01/07/2014

HOMEMADE BOUNTY BARS


I was never mad about coconut, not to mind  bounty bars, those things disgusted me. Over the past few months though, coconut has taken over. I've gone from hating the taste and texture to craving it in all forms. So when I spotted this recipe over here, I knew I had to give it a go, and they did not disappoint. These beauties have shot up to my number one favourite healthy, guilt-free treat. Next up on the list? Coconut coffee. Oh yeah.

15/06/2014

SUGARLESS BROWNIES


                                                                                                           I had a serious hankering for some homemade chocolate brownies, so to satisfy my cravings I concocted a healthier recipe by substituting most of the ingredients for healthier options.
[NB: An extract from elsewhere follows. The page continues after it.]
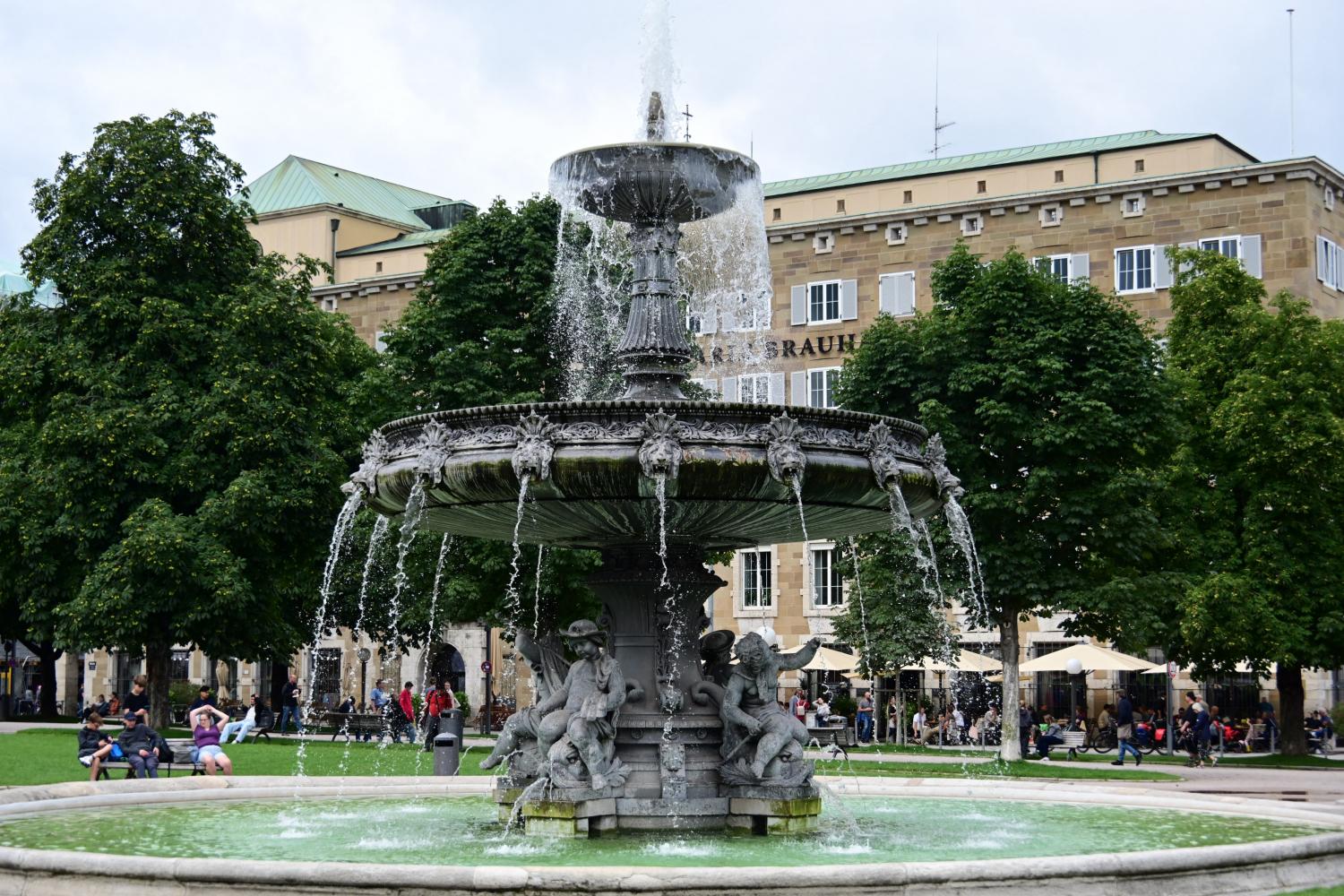 正前方的国王大厦,是古典主义风格的建筑,由符腾堡国王威廉一世于1856年下令修建,正面有34根柱子组成的135米长柱廊,气势壮观,可惜二战时受损严重,2006年重建后,成为一处高档的购物中心。

I could have gone one step further and used coconut oil instead of butter, but there's only so much coconut oil a girl can take. The ingredients may be a little on the pricier side of things, but these bad boys tasted no different from the original double-the-caloire recipe, so totally worth the money in my book!

05/06/2014

HOMEMADE ICED COFFEE

During those long, hot Irish summer days there's nothing you want more than an ice cold drink... I kid, but I like to pretend we get a summer.  Come June I'm switching to this cooler, more refreshing version of my morning cup of joe, even if it is more than likely raining outside. If you're really dedicated, make some coffee ice cubes with your left over coffee to keep the strength. But if you're anything like me, the glass will be empty before the ice even has a chance to melt. Fill three quarters of the glass up with ice and your favourite milk and pour in your shot of coffee. Pop in a straw and shlurp away.

04/06/2014

HOMEMADE VEGETABLE CRISPS

I had been wanting to try my hand at homemade vegetable crisps for a while now, but was waiting until I got my hands on a mandolin. That time never came so I settled for a cheese slicer, which made a pretty good alternative. I've tried store bought vegetable crisps plenty of times and loved them, but never thought that my homemade version would live up to them. Well, I was wrong.  (Apart from the kale, not my cup of tea. At all.) 

INGREDIENTS
yields one large bowl of crisps
1 large carrot
1 large parsnip
1 beetroot
bunch of kale leaves
olive oil
sea salt
chilli flakes

METHOD
1. Preheat the oven to 200C. Wash the kale and peel the carrot, parsnip and beetroot. Using a mandolin, sharp knife or peeler/cheese slicer, cut the carrot, parsnip and beetroot into paper thin slices. Keep them as big as possible, cutting the carrot and parsnip length-ways.

2. Dry off the slices of all vegetables as much as possible using kitchen paper. If they're damp at all they will take much longer to get crispy in the oven. Once all the moisture has been absorbed, coat the slices in the tiniest bit of olive oil. I'm talking 1/4 tsp per vegetable.

3. Lay the crisps out on an unlined baking tray and sprinkle with salt and chilli flakes to taste. Try to keep the crisps separated and they'll crisp up better.

4. Pop in the oven and give them all a shake every 5 minutes. I found that the cooking time really varied (anywhere from 8-30 minutes) depending on the thickness of the crisps and their moisture when going into the oven. Just keep checking them until they're perfect.